The algorithm evaluates the document pair in several stages:

\begin{itemize}
\item tokenizing both the suspicious and source documents
\item forming {\it features} from some tokens
\item discovering {\it common features}
\item making {\it valid intervals} from common features
\item postprocessing
\end{itemize}

\subsection{Tokenization}

We tokenize the document into words, where word is a sequence of one
or more characters of the {\it Letter} Unicode class.
With each word, two additional attributes, needed for further processing,
are associated: the offset where the word begins, and the word length.

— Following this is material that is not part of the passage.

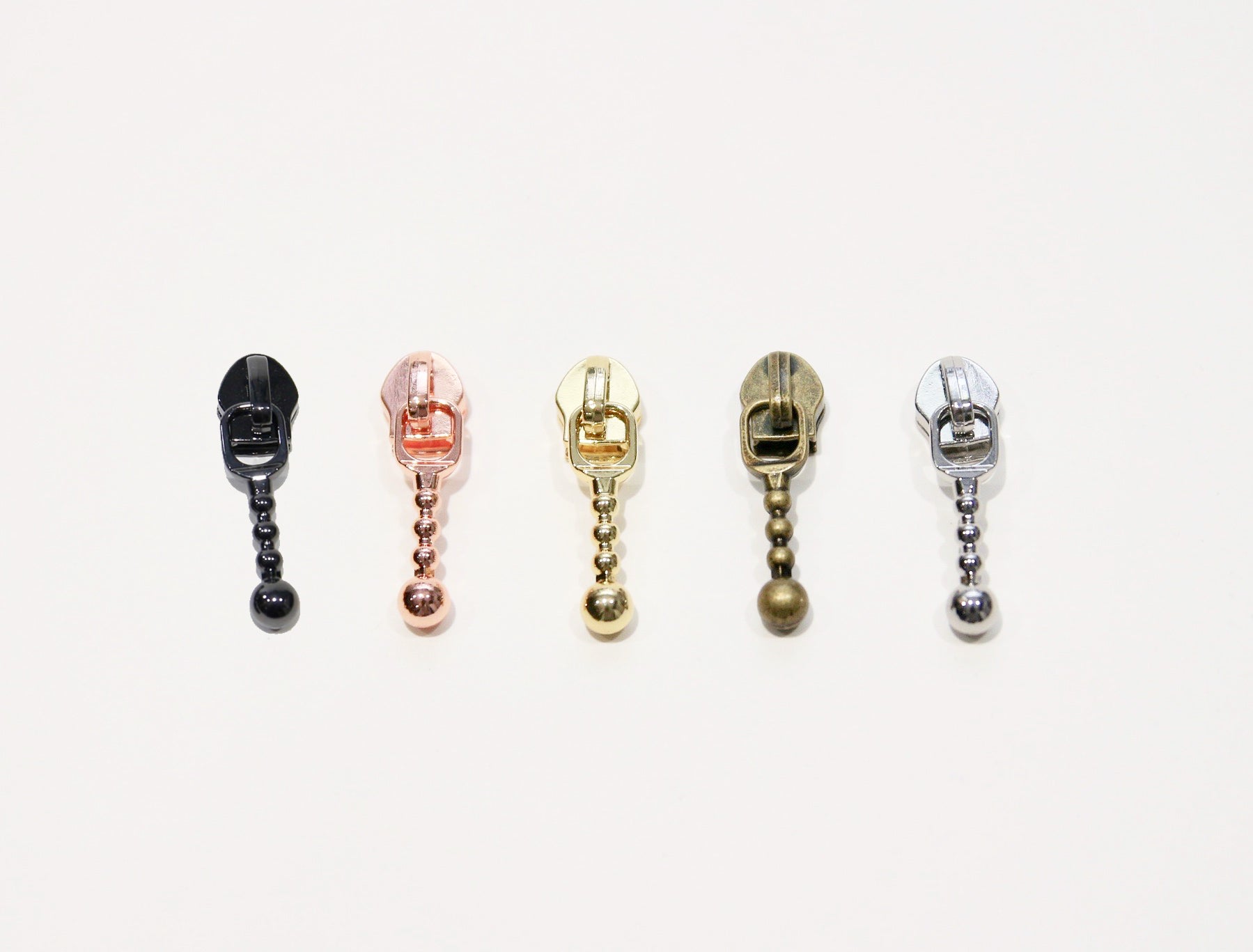 #5 coil zipper pull - AUTO LOCK Beaded style - Available in 5 finishes

The offset where the word begins is not necessarily the first letter character
of the word itself. We have discovered that in the training corpus,
some plagiarized passages were annotated including the preceding
non-letter characters. We have used the following heuristics to add 
parts of the inter-word gap to the previous, or the next adjacent word:

\begin{itemize}
\item when the inter-word gap contains interpunction (any of the dot,
semicolon, colon, comma, exclamation mark, question mark, or quotes),
add the characters up to, and including the interpunction, to the previous
word, ignore the space character(s) after the interpunction, and add
the rest to tne next word.
\item otherwise, when the inter-word gap contains newline, add the character
before the first newline to the previous word, ignore the first newline
character, and add the rest to the next word.
\item otherwise, ignore the inter-word gap characters altogether.
\end{itemize}

When the detection program has been presented three different
files instead of two (meaning the third one is machine-translated
version of the second one), we have tokenized the translated document instead
of the source one. We have make use of the line-by-line alignment of the
source and machine-translated documents to transform the word offsets
and lengths in the translated document to the terms of the source document.

\subsection{Features}

We have used features of two types:

\begin{itemize}
\item Lexicographically sorted word 5-grams, formed of words at least
three characters long, and
\item unsorted stop-word 8-grams, formed from 50 most frequent words in English,
as described in \cite{stamatatos2011plagiarism}. We have further ignored
the 8-grams, formed solely from the six most frequent English words
(the, of, and, a, in, to), or the possessive {\it'{}s}.
\end{itemize}

We have represented each feature with the 32 highest-order bits of its
MD5 digest. This is only a performance optimization, targeted for
larger systems. The number of features in a document pair is several orders
of magnitude lower than $2^{32}$, so the probability of hash function
collision is low. For pair-wise comparison, it would be feasible to compare
the features directly instead of their MD5 sums.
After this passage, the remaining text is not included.